> [WHAT YOU ARE ASKED TO DO]
Copy the data verbatim and leave out every picture.

> [RAW DATA]
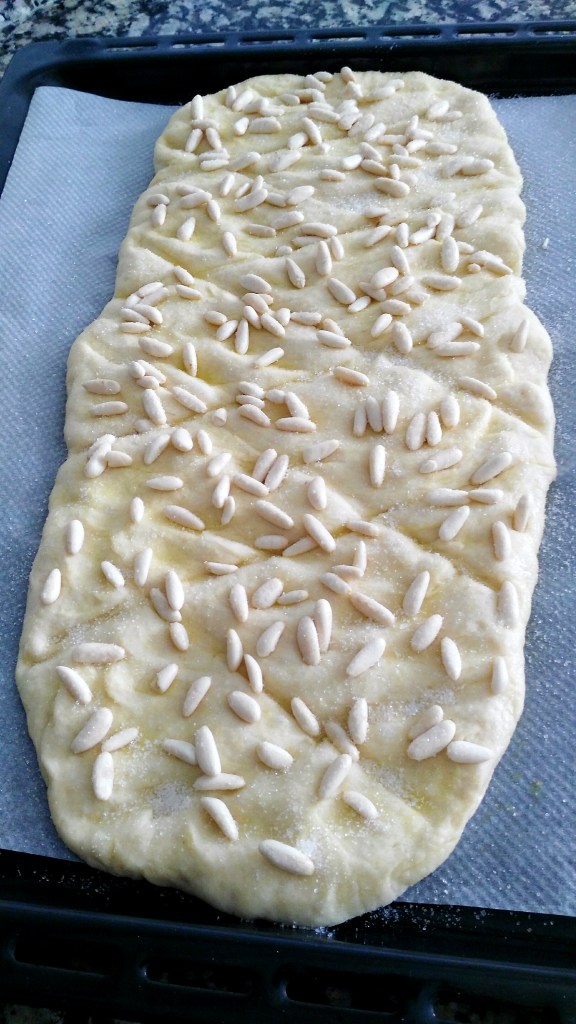 La dejamos fermentar nuevamente unos 20 minutos y le hacemos unas endiduras con la mano. Le añadimos los piñones (previamente los he tenido en remojo unos minutos para que no se quemen) y el azúcar generosamente por encima .
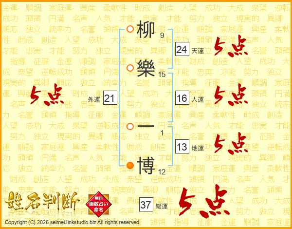 柳(9画)樂(15画) 一(1画)博(12画)
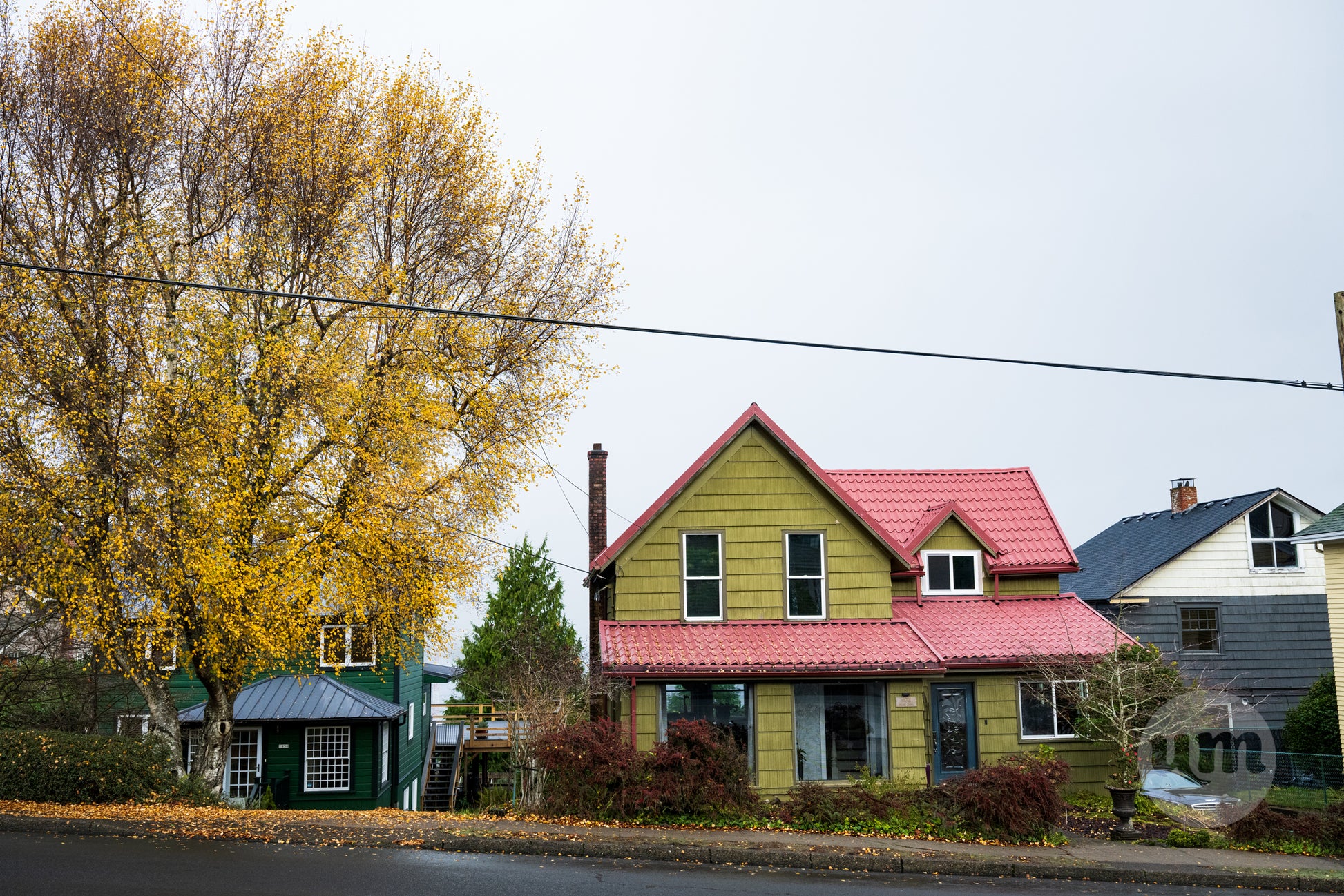 A vibrant, street-level photograph capturing a distinctive, colorful home in a historic Astoria, Oregon neighborhood. The house features olive-green siding and a bold, bright red standing-seam metal roof, with a prominent front porch. To the left, a large deciduous tree is covered in striking yellow and orange autumn foliage. Another small green house and a dark-sided home are visible in the background, all set against a white, overcast sky, showcasing the unique and colorful architectural character of the Pacific Northwest city.

> [SOLVED EXERCISE]
 La dejamos fermentar nuevamente unos 20 minutos y le hacemos unas endiduras con la mano. Le añadimos los piñones (previamente los he tenido en remojo unos minutos para que no se quemen) y el azúcar generosamente por encima .
 柳(9画)樂(15画) 一(1画)博(12画)
 A vibrant, street-level photograph capturing a distinctive, colorful home in a historic Astoria, Oregon neighborhood. The house features olive-green siding and a bold, bright red standing-seam metal roof, with a prominent front porch. To the left, a large deciduous tree is covered in striking yellow and orange autumn foliage. Another small green house and a dark-sided home are visible in the background, all set against a white, overcast sky, showcasing the unique and colorful architectural character of the Pacific Northwest city.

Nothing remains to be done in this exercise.